Provided data Start Marker

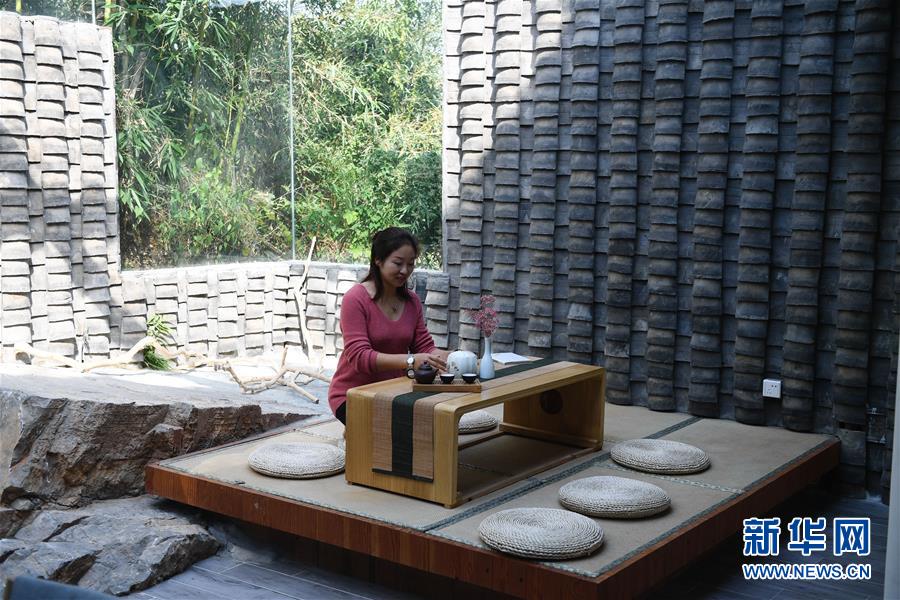 10月27日,在蘇州市吳中區(qū)東山鎮(zhèn)三山村一家民宿,工作人員在為客人準(zhǔn)備茶水。 新華社記者季春鵬/攝
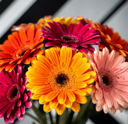 거베라는 육종 기술의 발달로 수백 가지의 색상이 존재합니다. 색상에 따라 전달되는 감정의 농도가 다르므로 상황에 맞는 선택이 중요합니다.
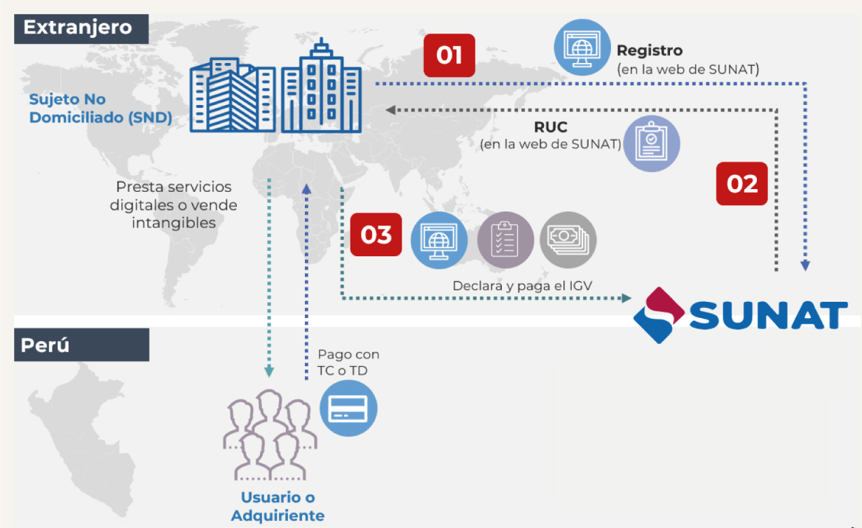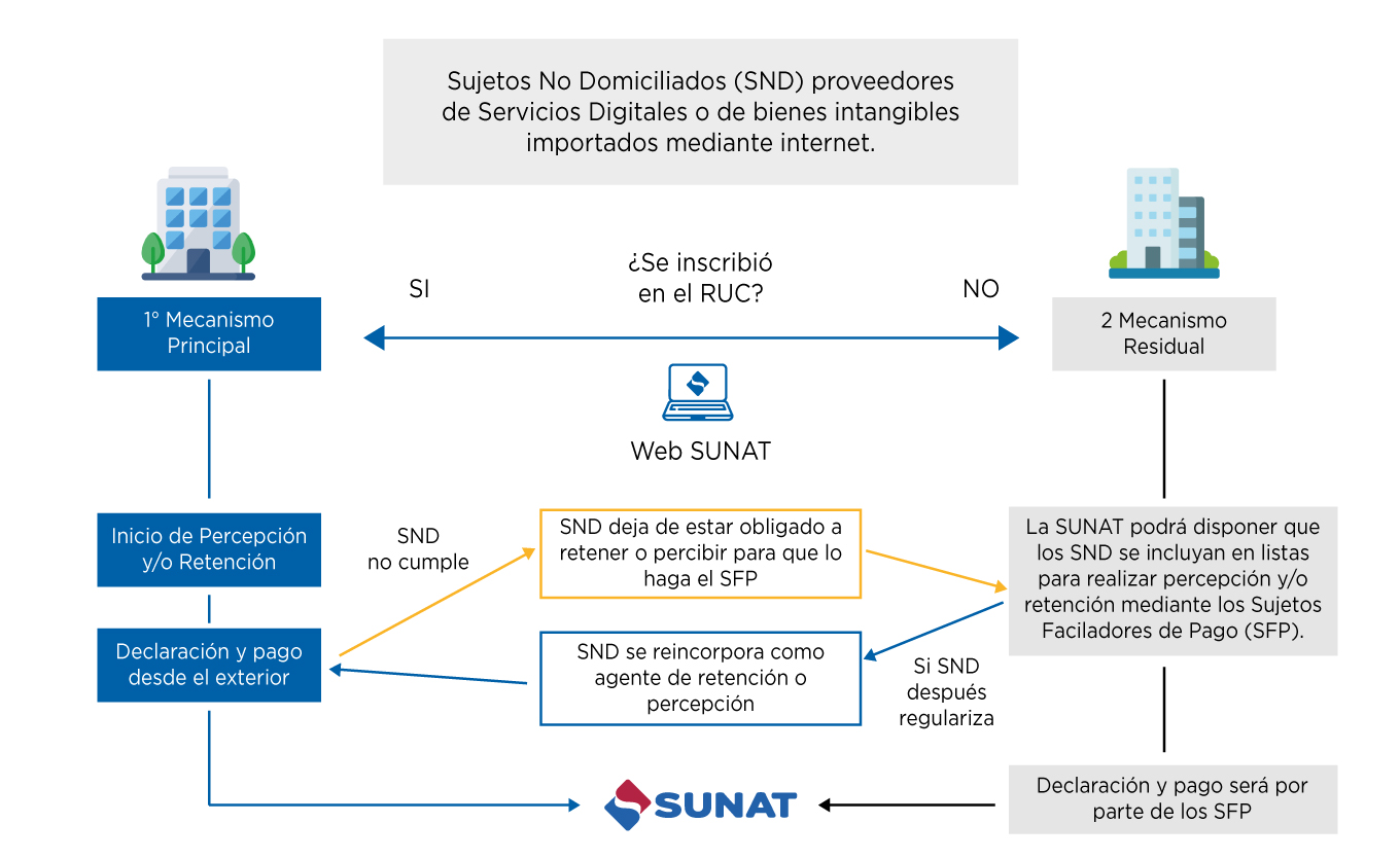 Si bien estas operaciones ya se encontraban gravadas con el IGV, no existía un mecanismo de recaudación efectivo, por lo que para solucionar esta problemática, mediante el Decreto Legislativo N.º 1623 se adaptó el sistema de recaudación del IGV para que los sujetos no domiciliados proveedores de estos servicios digitales y bienes intangibles (SND), sean agentes de retención o percepción del IGV, quienes deberán inscribirse en el RUC, declarar y pagar directamente a la SUNAT a través de procedimientos virtuales, sin necesidad de presencia física, tal como se grafica a continuación:
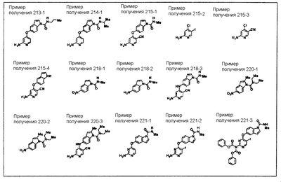 Пример 4 фармакологического теста: оценка противоопухолевой активности на клетках KP-1/VEGF на моделях подкожных ксенотрансплантатов Клетки рака поджелудочной железы, высоко экспрессирующие VEGF (KP-1/VEGF), суспендированные в ЗФР в концентрации 1·107 клеток/мл, трансплантировали под кожу правого бока 6-недельных самок мышей Balb/c (nu/nu) в объеме 0,1 мл. Когда объем опухоли достигал приблизительно 100 мм3, вводили перорально тестируемое вещество дважды в день в течение 2 недель по схеме 5 дней в неделю. Тестируемое вещество суспендировали в 0,5% метилцеллюлозе до вводимого объема 0,1 мл/10 г массы тела. Размер опухоли измеряли дважды в неделю с применением микрометрического штангенциркуля. Объем опухоли определяли с помощью измерения длинного и короткого диаметров опухоли микрометрическим штангенциркулем и расчета 1/2 x (длинный диаметр x короткий диаметр). Эксперимент проводили с применением 10 мышей в контрольной группе (введение растворителя) и 5 мышей в каждой группе с введением тестируемых соединений. Отношения (%) объема опухолей после введения тестируемого вещества к таковым у контроля представлены в таблице 4.
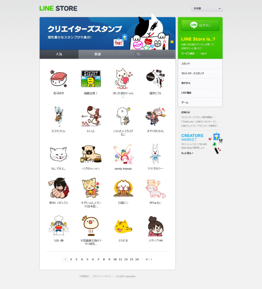 '라인 크리에이터스 마켓'은 전 세계 라인 이용자들이 라인 스티커를 제작해 판매할 수 있는 플랫폼. 지난 4월 17일 '라인 크리에이터스 마켓'https://creator.line.me에서 등록 접수를 시작한 이래, 전세계에서 약 30,000 명이 넘는 이용자들이 크리에이터(스티커 제작자)로 등록했으며, 등록 신청된 스티커는 5,000 세트가 넘는다.
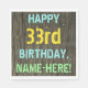 Ce design amusant de serviette de fête d'anniversaire comporte un message comme "HAPPY 33rd BIRTHDAY, NAME-HERE!", où le nom peut être personnalisé. L'arrière - plan présente un motif rustique, brun, imitation bois de grain. Le texte du message personnalisé présente des couleurs comme le bleu, le jaune et le vert, et il a un aspect inspiré de celui du lettrage peint et recouvert de pochoirs. Des serviettes comme celles-ci pourraient peut-être être utilisées à une fête d'anniversaire pour quelqu'un qui célèbre son trente-troisième anniversaire. [~Z0000292]

Provided data End Marker

=== Problem to work on ===
Make an exact copy of the lines above, beginning with the line with "거베라는 육종 기술의" and ending with the line with "Si bien estas", and keep the pictures out of it.

=== Your solution ===
 거베라는 육종 기술의 발달로 수백 가지의 색상이 존재합니다. 색상에 따라 전달되는 감정의 농도가 다르므로 상황에 맞는 선택이 중요합니다.
 Si bien estas operaciones ya se encontraban gravadas con el IGV, no existía un mecanismo de recaudación efectivo, por lo que para solucionar esta problemática, mediante el Decreto Legislativo N.º 1623 se adaptó el sistema de recaudación del IGV para que los sujetos no domiciliados proveedores de estos servicios digitales y bienes intangibles (SND), sean agentes de retención o percepción del IGV, quienes deberán inscribirse en el RUC, declarar y pagar directamente a la SUNAT a través de procedimientos virtuales, sin necesidad de presencia física, tal como se grafica a continuación:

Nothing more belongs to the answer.